Rampitsch agreed, calling bioinformatics "the real bottleneck in terms of assembling your sequence so that you have a database on your servers that you can search."

Both researchers said they planned to make the databases they'd developed publicly available.

While Rose and Rampitsch's efforts have focused on agricultural proteomics, custom RNA-seq reference databases are being used in other areas of proteomics research, as well.

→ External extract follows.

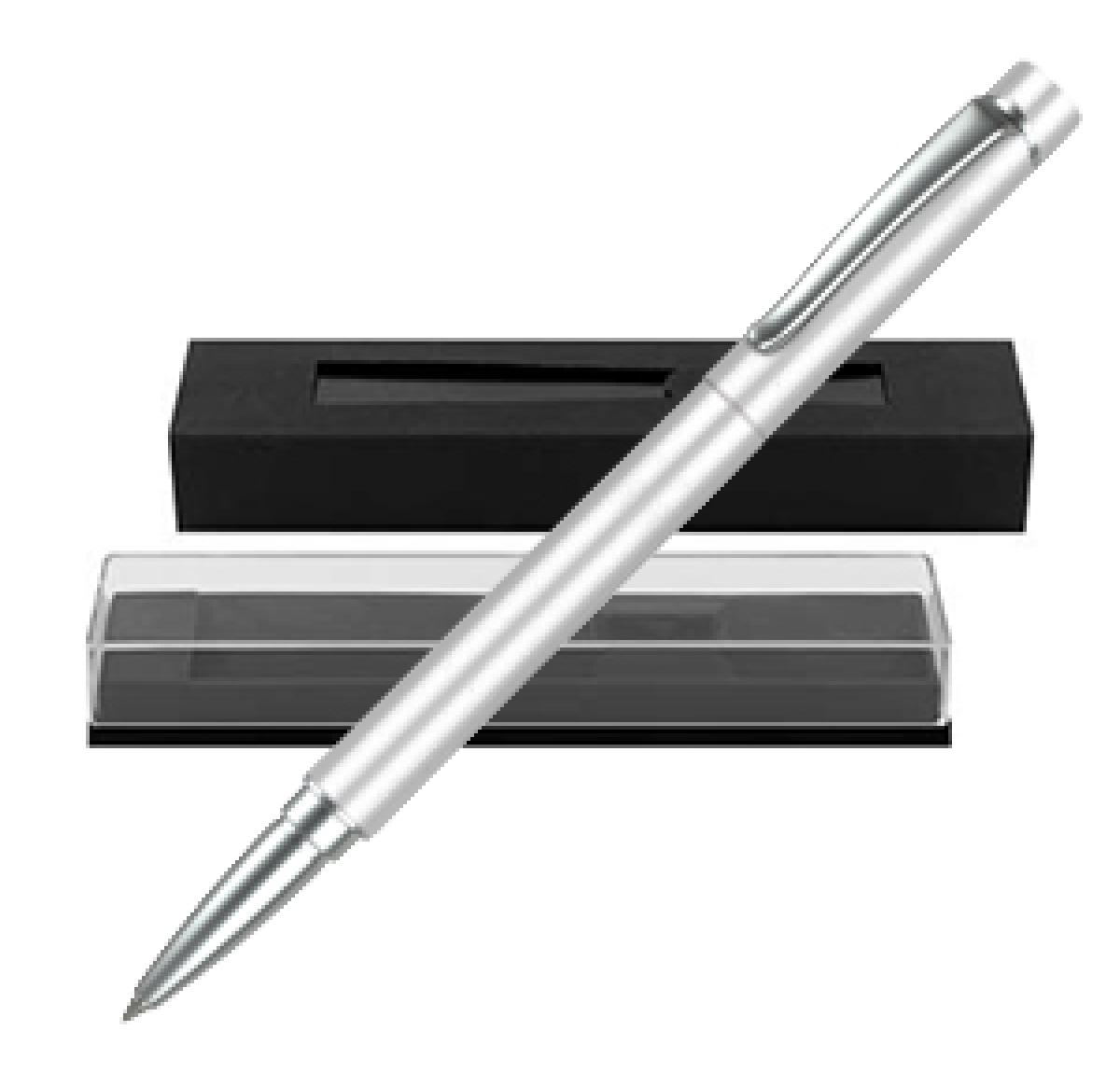 Quality capped rollerball with satin silver finish and precision German refill. Supplied with Presentation Box.

In March, biotech firm Cell Signaling Technology published a paper in Nature Biotechnology detailing a technique using proteomic analysis of animal B-cells to improve monoclonal antibody production (PM 3/30/2012). Because B-cell antibody repertoires are constantly changing in response to foreign antigens, no proteomic reference databases existed for these proteins.

This meant that, like Rose and Rampitsch, the CST researchers had to build their own reference databases, which they did using NGS on a Roche 454 Life Sciences platform to sequence RNA from splenic B-cells taken from the animals used in the study.